On Tue, 6 Feb 2001, Micah Cowan wrote:

> On Tue, Feb 06, 2001 at 03:51:14PM -0800, Henry House wrote:
> > On Tue, Feb 06, 2001 at 03:43:08PM -0800, Dale Bewley wrote:
> > > If you find yourself logging in from a windows box you can get a free
> > > client called putty. Search on google.com, it works pretty well and it is
> > > just a single executable, so it's convenient.
> > 
> > There exists a similar app for Macintosh called NiftyTelnetSSH.
> > 
> > Also, some people may not know that if you run ssh-keygen, copy the resulting
> > file ~/.ssh/identity.pub to <remote host>:~/.ssh/authorized_keys, then you
> > can log in without typing in your password.
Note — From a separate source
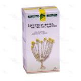 Корзинки шаровидные одиночные, мелкие, иногда по 2-3 вместе, отдельные цветоложа и их кусочки с остатками листочков обвертки, отдельные листочки обвертки и трубчатые цветки, кусочки стеблей и цветоносов, плоды. Цвет лимонно-желтый с оранжевыми, серовато-коричневыми, зеленовато-серыми, редко темно-коричневыми вкраплениями. Запах слабый, ароматный. Вкус водного извлечения пряно-горький. Цветки бессмертника содержат флавоноиды, дубильные вещества, эфирное масло, смолы, филлохиноны, органические кислоты, каротиноиды, полисахариды и другие биологически активные вещества.Действие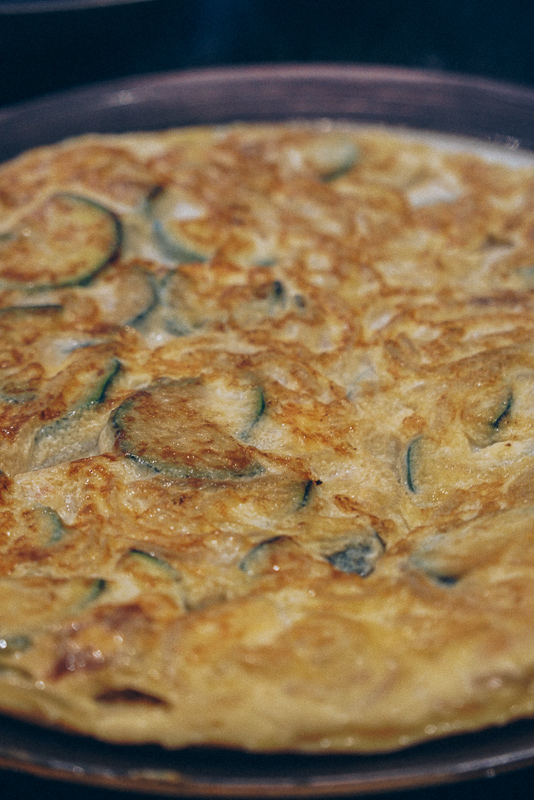 This recipe is a good variation of the Spanish potato tortilla. Instead of potatoes, courgettes (or zucchinis, if you live across the pond). You could use other vegetables too: eggplant, artichoke, sweet potato…

May compromise security slightly,
> > but if it means that you migrate away from rcp, rsh, etc., that's still a big
> > win.
> > 
> > -- 
> > Henry House
> > OpenPGP key available from http://hajhouse.org/hajhouse.asc
> 
> Doesn't compromise security at all, unless
> 
> (a) you leave authorized_keys as world- or group- readable, or
> (b) you can't trust root (in which case, heaven help you, because root
>     can always peek into memory to find ssh's unencrypted data.
> 
> Exactly as trustworthy as the X authority keys, I believe.

... yes... if you use the same password everywhere, then once it is
cracked once, all of your accounts are cracked.  Alternatively, if you
have authorized_keys without passphrases, any one of the login passwords
gives the cracker access to all your accounts.

Of course, as long as you stay inside ssh tunnels, your passwords will be
that much harder to obtain anyway.  Just watch for excessive failed login
attempts.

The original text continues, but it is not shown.